TASK DIRECTIONS :: Where a picture appears, leave it out, and transcribe all the lines below exactly.

START SUPPLIED DATA

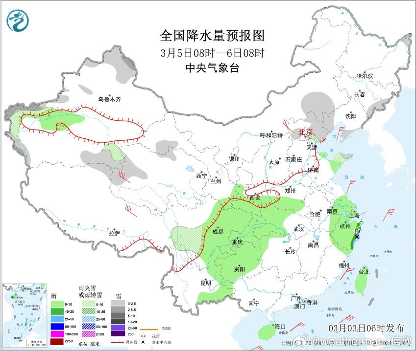 3月5日08时至6日08时,内蒙古东南部、吉林东部、辽宁南部和西部、华北北部、新疆北部和南疆西部山区、西藏北部、青海西部、川西高原南部、山东半岛东部等地部分地区有小雪或雨夹雪,其中,新疆北疆北部和南疆西部山区等地部分地区有中雪。甘肃东南部、陕西南部、四川中东部、云南东部、贵州大部、重庆、湖南西北部、湖北西部、河南南部、安徽东南部、江苏南部、上海、浙江、海南岛、台湾岛等地部分地区有小雨,其中,浙江中东部等地部分地区有中到大雨(25~30毫米)。
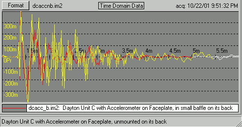 In the first few micro-seconds the signal looks identical. From there the two diverge drastically. At first they just look like variations in resonances. By the time they reach 5 msec, it's obvious that the baffle is damping the ringing which continues in the unmounted situation. The time-limited frequency response curve is shown below.
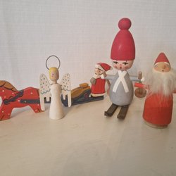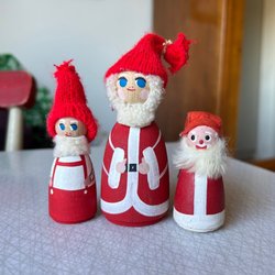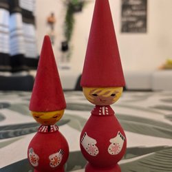 Sött par med retro tomtar i trä.

END SUPPLIED DATA

ANSWER FOR THE TASK ::
 3月5日08时至6日08时,内蒙古东南部、吉林东部、辽宁南部和西部、华北北部、新疆北部和南疆西部山区、西藏北部、青海西部、川西高原南部、山东半岛东部等地部分地区有小雪或雨夹雪,其中,新疆北疆北部和南疆西部山区等地部分地区有中雪。甘肃东南部、陕西南部、四川中东部、云南东部、贵州大部、重庆、湖南西北部、湖北西部、河南南部、安徽东南部、江苏南部、上海、浙江、海南岛、台湾岛等地部分地区有小雨,其中,浙江中东部等地部分地区有中到大雨(25~30毫米)。
 In the first few micro-seconds the signal looks identical. From there the two diverge drastically. At first they just look like variations in resonances. By the time they reach 5 msec, it's obvious that the baffle is damping the ringing which continues in the unmounted situation. The time-limited frequency response curve is shown below.
 Sött par med retro tomtar i trä.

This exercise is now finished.